San Rafael is a town and commune of the Talca Province in the Maule Region of Chile. The town serves as the communal capital.

==Demographics==
According to the 2002 census of the National Statistics Institute, San Rafael spans an area of 263.5 sqkm and has 7,674 inhabitants (3,903 men and 3,771 women). Of these, 3,482 (45.4%) lived in urban areas and 4,192 (54.6%) in rural areas.
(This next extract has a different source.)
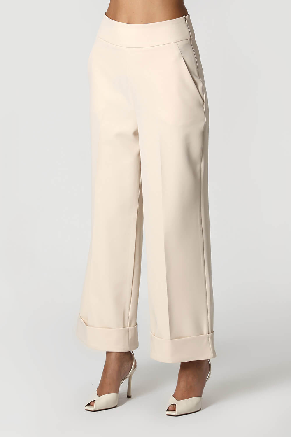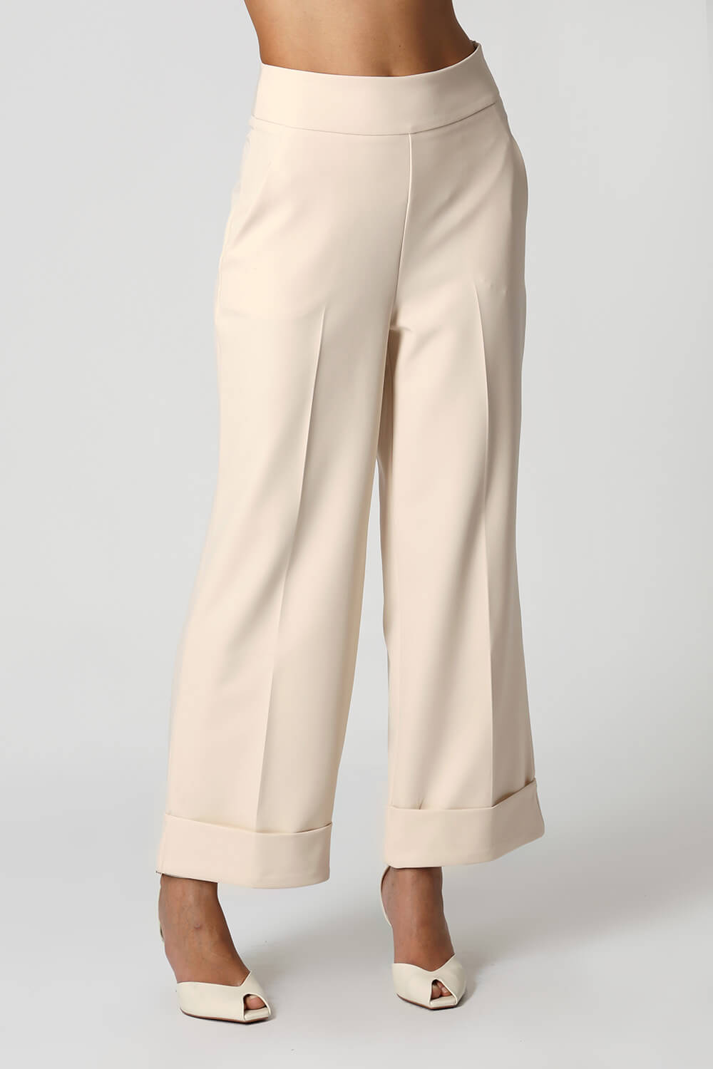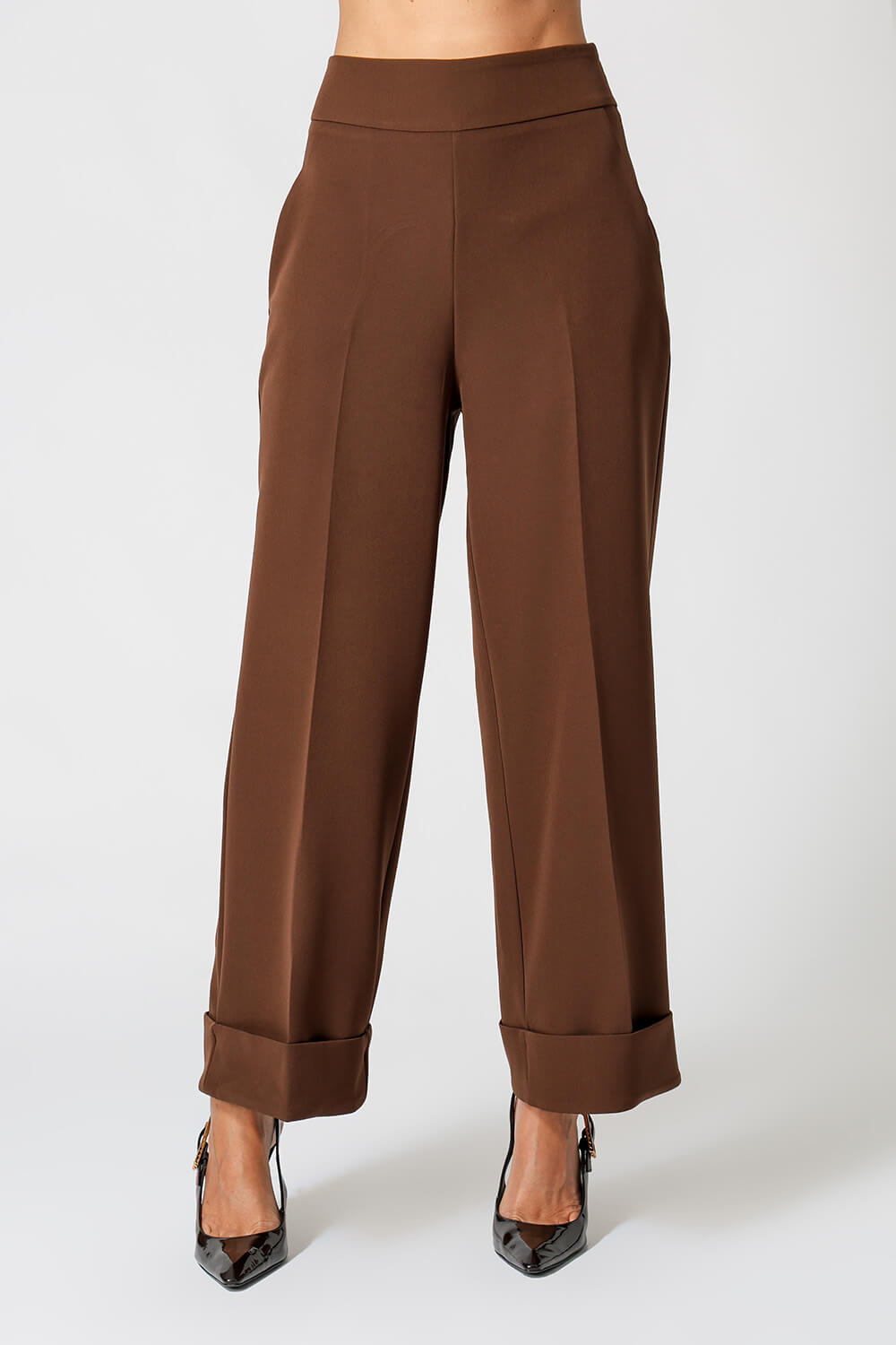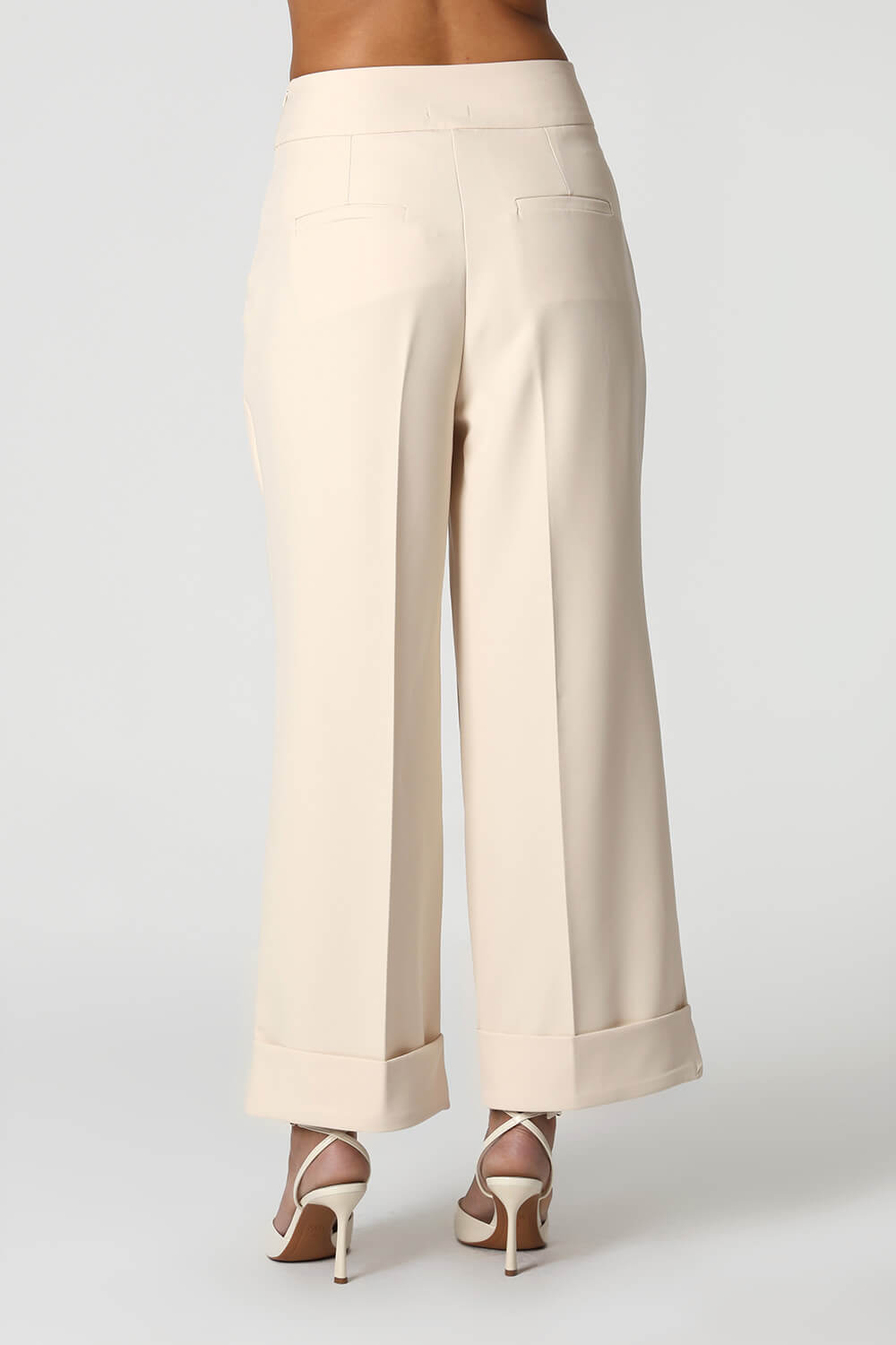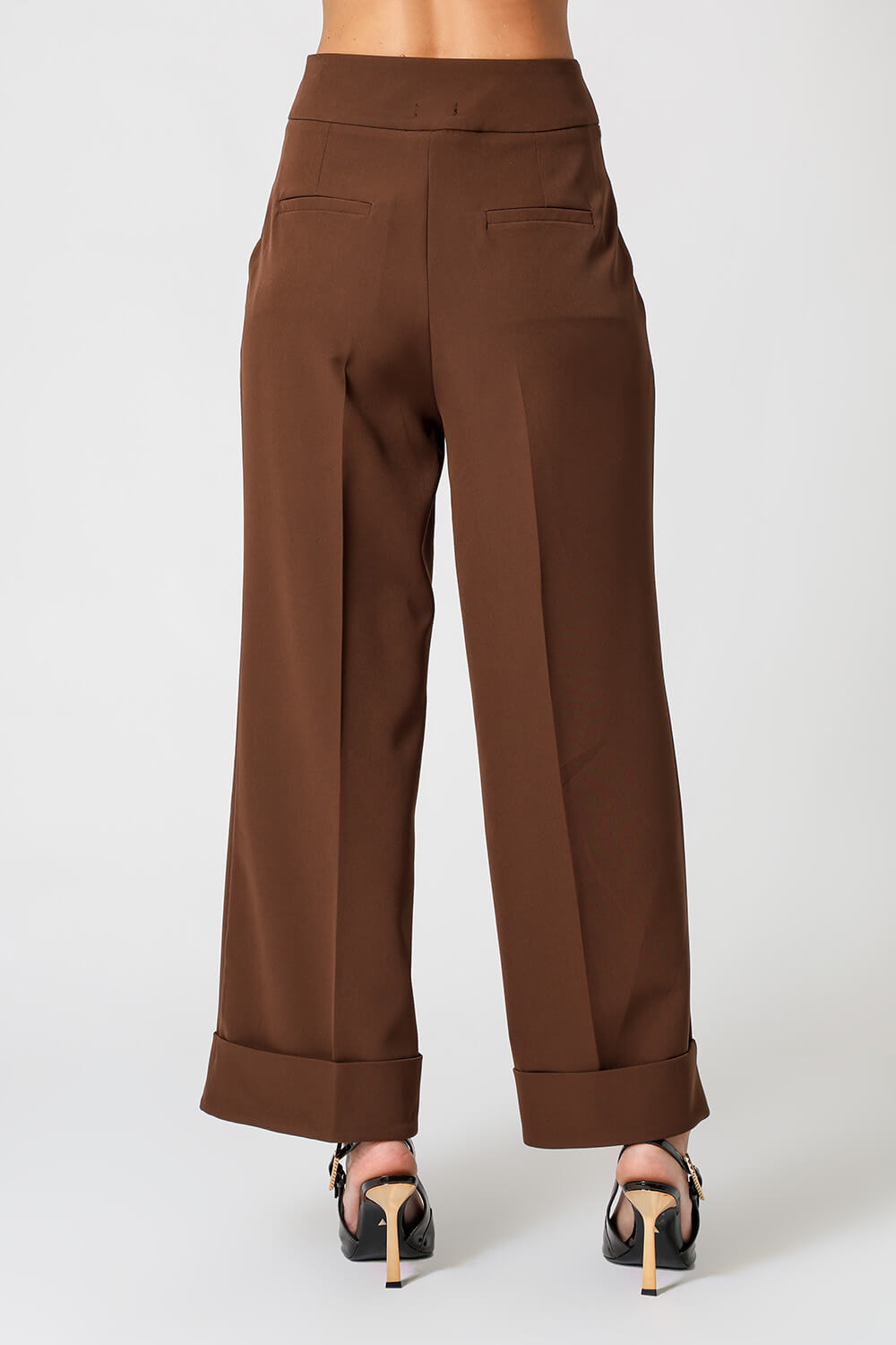 Calça reta em alfaiataria com cós limpo, barra larga e vinco frontal e traseiro. Elegante e versátil, ideal para looks sofisticados e atemporais.

The population grew by 6.5% (465 persons) between the 1992 and 2002 censuses.

==Administration==
As a commune, San Rafael is a third-level administrative division of Chile administered by a municipal council, headed by an alcalde who is directly elected every four years. The 2008-2012 alcaldesa is Claudia Alejandra Diaz Bravo. (UDI)

Within the electoral divisions of Chile, San Rafael is represented in the Chamber of Deputies by Pablo Lorenzini (PDC) and Pedro Pablo Alvarez-Salamanca (UDI) as part of the 38th electoral district, together with Curepto, Constitución, Empedrado, Pencahue, Maule, San Clemente, Pelarco and Río Claro. The commune is represented in the Senate by Juan Antonio Coloma Correa (UDI) and Andrés Zaldívar Larraín (PDC) as part of the 10th senatorial constituency (Maule-North).